# Resources

Code, notebooks, and data I made openly available. Quick overview:

### Code

• Omesa - small framework for reproducible Text Mining research

• topbox - wrapper for Labelled Latent Dirichlet Allocation (L-LDA)

• markdoc - convert NumPy-styled Python docstring to Markdown

• ebacs - minimalistic conference manager

• ec2latex - XML to LaTeX book of abstracts

## Omesa

A small framework for reproducible Text Mining research that largely builds on top of scikit-learn. Its goal is to make common research procedures fully automated, optimized, and well recorded. To this end it features:

• Exhaustive search over best features, pipeline options, to classifier optimization.

• Flexible wrappers to plug in your tools and features of choice.

• Completely sparse pipeline through hashing - from data to feature space.

• Record of all settings and fitted parts of the entire experiment, promoting reproducibility.

• Dump an easily deployable version of the final model for plug-and-play demos.
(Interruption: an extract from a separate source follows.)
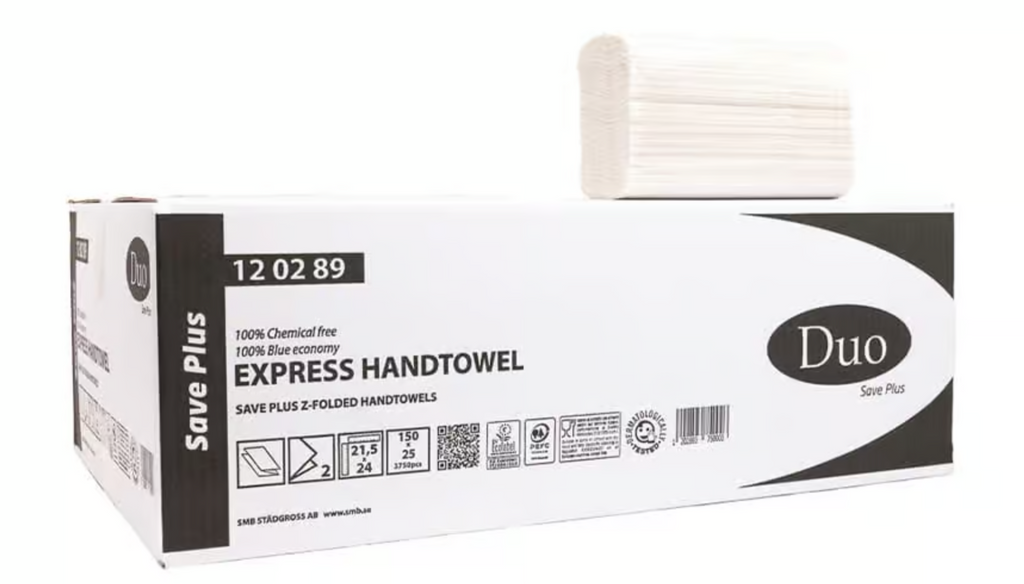 Duo Express Kedjevikt Save Plus 3750 ark – 2-lager kedjevikt pappershandduk. Z-vikt. Natur Vit. Högabsorberande material. Livsmedelsgodkänd. EU Ecolabel. Dermatologiskt testad. Lämpar sig för miljöer som kräver både komfort och hygien – såsom restauranger, kontor och sjukhus. En handduk i taget: hygieniskt och minskad förbrukning. Kartongen är enkel att bära, lätt att öppna, lätt att platta till och lätt att bära bort. 3750 ark/krt. 40 krt/pall. ca 21,5×24 cm. H2.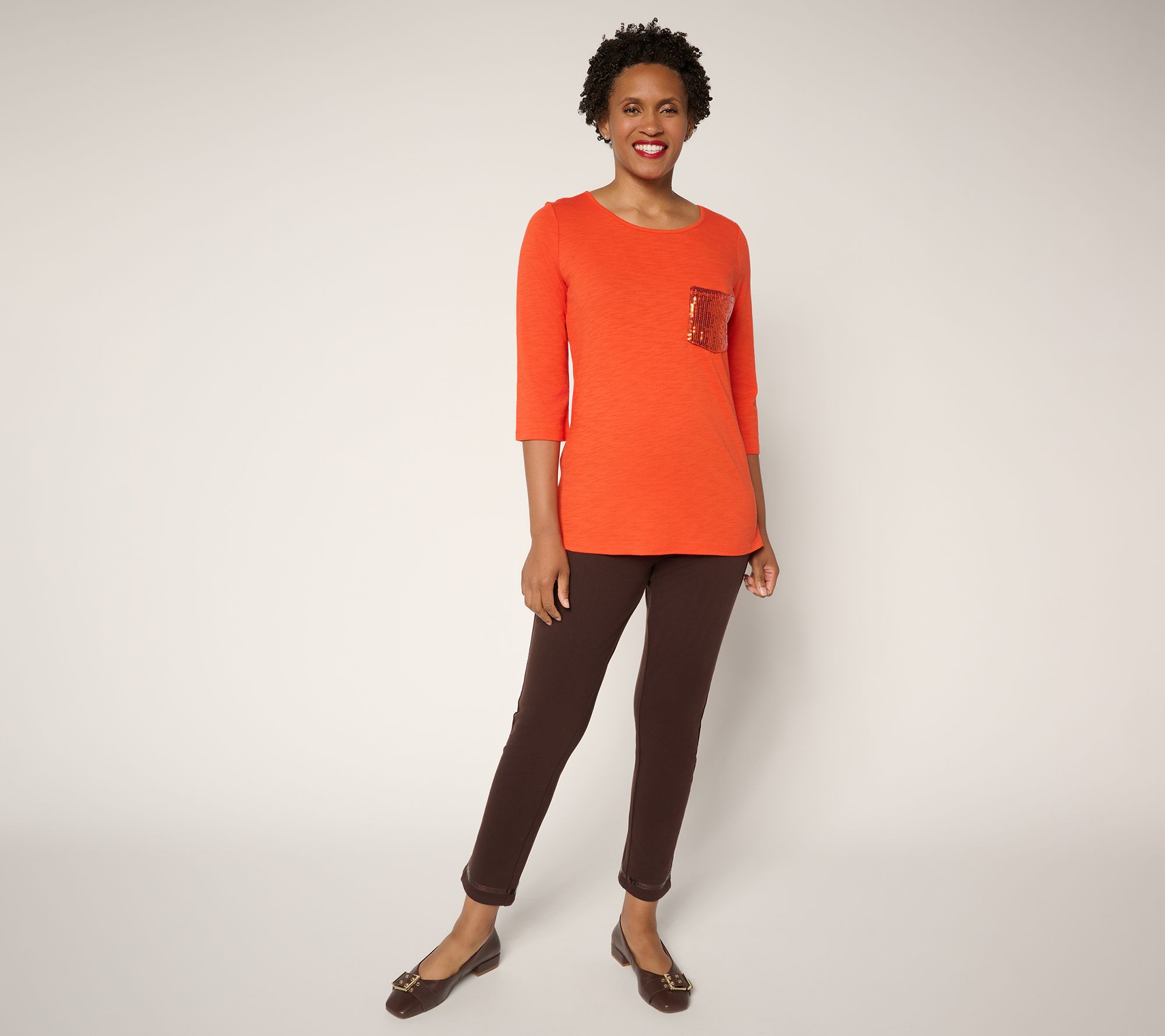 Give your casual wardrobe a cheerful lift with these sequin-trim ankle pants -- just right for coffee runs, weekend strolls, and any time you want to sparkle. The pull-on style offers fuss-free comfort, while side vents at the hem add a dash of personality to every step. Pair with your favorite tunic or a comfy tee for easygoing style. From Quacker Factory®.

End-to-End classification in 2 minutes:

from omesa.experimeomesant import Experiment
from omesa.featurizer import Ngrams

conf = {
"gram_experiment": {
"name": "gram_experiment",
"train_data": ["./n_gram.csv"],
"features": [Ngrams(level='char', n_list=[3])],
"text_column": 1,
"label_column": 0,
"folds": 10,
"save": ("log")
}
}

for experiment, configuration in conf.items():
Experiment(configuration)


Output:

---- Omesa ----

Config:

feature:   char_ngram
n_list:    [3]

name: gram_experiment
seed: 111

Sparse train shape: (20, 1287)

Tf-CV Result: 0.8


## markdoc

This piece of code can be used to convert NumPy-styled Python docstrings (example), such as those used in scikit-learn, to Markdown with minimum dependencies. In this way, only the code-contained documentation needs to be editted, and your documentation on for example readthedocs can be automatically updated thereafter with some configuration.

Simply type:

python3 markdoc.py /dir/to/somefile.py /dir/to/somedoc.md


## topbox

A small Python 3 wrapper around the Stanford Topic Modeling Toolbox (STMT) that makes working with L-LDA a bit easier; no need to leave the Python environment. More information on its workings can be found on my blog. Code sample:

## ebacs

in development

Minimal working version of a bottle.py front-end to ec2latex. Currently, it demonstrates how conference attendees can submit their abstracts (can include LaTeX code) via a form, after which this submission is added to the database. From the front page, the book of abstracts can be compiled per demonstration. The idea is that this functionality is embeddable for your conference website. Requires bottle, cork, beaker and blitzdb.

## ec2latex

Python tool for converting XML-based confrence submissions (such as EasyChair) to a full LaTeX book of abstracts. Sample of the end result can be found here. After manual work on the .tex files (can be found in github README), can be simply called with:

python ec2latex.py


This code has been integrated into ebacs.